Une enquête publiée mardi menée conjointement à Paris par le CNRS et l’Open Society Institute a montré que les policiers français effectuent des contrôles d’identité en fonction de l’ethnicité et des vêtements des passants. Plus de 500 opérations de contrôle ont été observées pour l’étude. Pour la première fois, il a été scientifiquement prouvé que la police contrôle plus fréquemment les « Noirs » et les « Arabes ».
La police française contrôle plus fréquemment les minorités visibles. Tel est le constat de l’Open Society Institute, un institut de recherche américain sur la police, et du Centre national de la recherche scientifique (CNRS) dans une étude intitulée police et minorités visibles : les contrôles d’identité à Paris publiée hier. Entre octobre 2007 et mai 2008, des observateurs se sont placés sur cinq sites parisiens autour de la gare du Nord et de Châtelet. Ils ont d’abord identifié la population disponible en recensant l’âge, le sexe, l’origine, les vêtements et la taille du sac (dans le cadre du plan Vigipirate) des passants. 525 contrôles de police ont ensuite été observés selon les mêmes critères. Il en ressort que les personnes perçues comme « noires » ou « arabes » ont entre 1,8 et 14,8 fois plus de risques d’être contrôlés que les « blancs ». Les chiffres varient en fonction des sites étudiés. De même, les individus habillés dans un style jeune (hip hop, tecktonik, punk…) sont plus susceptibles d’être contrôlés : ils représentent 10% de la population disponible mais ont été 47% à se faire contrôler pendant l’enquête. Deux tiers d’entre eux sont issus de minorités visibles. L’étude montre à travers des chiffres que la police française se base plus sur l’apparence que sur les comportements des passants dont elle vérifie l’identité. Il semble que les policiers considèrent que les délits sont plus souvent commis par des personnes issus de minorités visibles ou portant des vêtements jeunes, ce qui les encourage à effectuer des contrôles d’identité.
Les observateurs ont également essayé de s’entretenir avec les passants contrôlés par la police pour connaître leur sentiment. La majorité d’entre eux estiment que les policiers ont eu un comportement neutre et poli. Seuls 3% des passants interrogés considèrent être victimes d’un traitement raciste ou insultant. Mais à la question de savoir quel effet ce contrôle avait produit, les personnes issues de la diversité ont exprimé un sentiment plus négatif que les blancs, sans doute à cause de contrôles plus fréquents auprès des premiers. Ce n’est donc pas tant l’attitude des policiers que la fréquence des opérations de contrôle qui agace.
Une enquête qui appelle à prendre des mesures
Les auteurs de l’étude mettent en avant plusieurs problèmes qui découlent de cette situation.

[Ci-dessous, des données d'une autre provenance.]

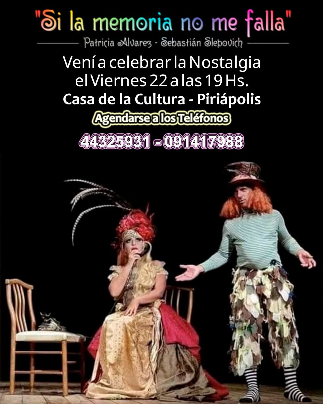 El próximo viernes 22, a las 19:00 horas, la Casa de la Cultura será escenario de una propuesta escénica, presenta una serie de personajes disparatados pero cercanos a la realidad, con el objetivo de hacer reír al público de sí mismo. El espectáculo se describe como una comedia única. “Si la memoria no me falla”, el espectáculo contará con la participación de Patricia Álvarez y Sebastián Slepojvich.
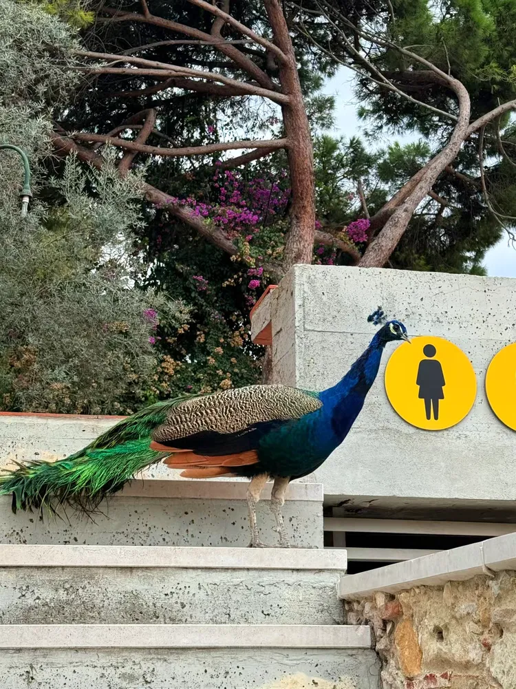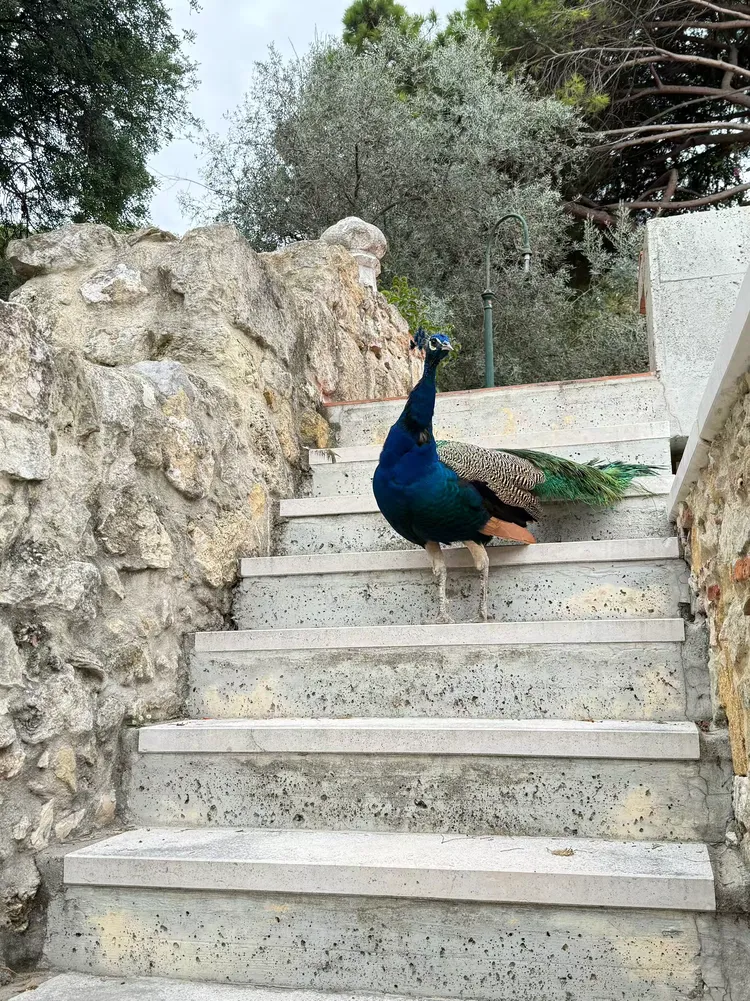 花园区域种植着松树、橄榄树等地中海植物,还有许多只孔雀在园中自由漫步,为这座古老的军事建筑增添了几分悠闲气息。

D’abord, la police ne respecte pas la législation française anti-discrimination, ni les normes européennes des droits de l’homme qui interdisent les discriminations fondées sur l’apparence sans justification objective. Les chercheurs considèrent aussi que les contrôles au faciès détériorent la confiance entre public et police. Ils créent un sentiment de méfiance qui peut mener à des débordements telles que les émeutes qui se sont déroulées en 2005 et 2007 dans les banlieues.
Des recommandations sont également faites aux autorités publiques et policières. Les auteurs les invitent à reconnaître publiquement que le contrôle au faciès existe et qu’il pose problème. Ils suggèrent de modifier un article du code de procédure pénale afin d’interdire la discrimination raciale dans les actions policières. Enfin, il est également proposé d’établir un formulaire rempli systématiquement lors des contrôles d’identité. Y seraient inscrits l’apparence raciale de la personne contrôlée ainsi que les motifs et les résultats de l’opération. Ceci devrait permettre de vérifier l’efficacité et l’impartialité de la police et d’établir des statistiques anonymes. Mais, au même moment, 22 chercheurs rassemblés au sein de la Commission alternative de réflexions sur les « statistiques ethniques » et les discriminations (Carsed) présentaient leur premier ouvrage, Le Retour de la race ((éd. de L’Aube). Ils répondent aux travaux du Comité pour la mesure et l’évaluation de la diversité et des discriminations (Comedd) mis en place par le gouvernement pour mesurer la diversité et les discriminations. La Carsed craint « la racialisation de la société française » et propose des alternatives aux statistiques ethniques. La mesure des discriminations est un sujet sensible en France. Mais tout le monde s’accorde à dire que des mesures sont nécessaires.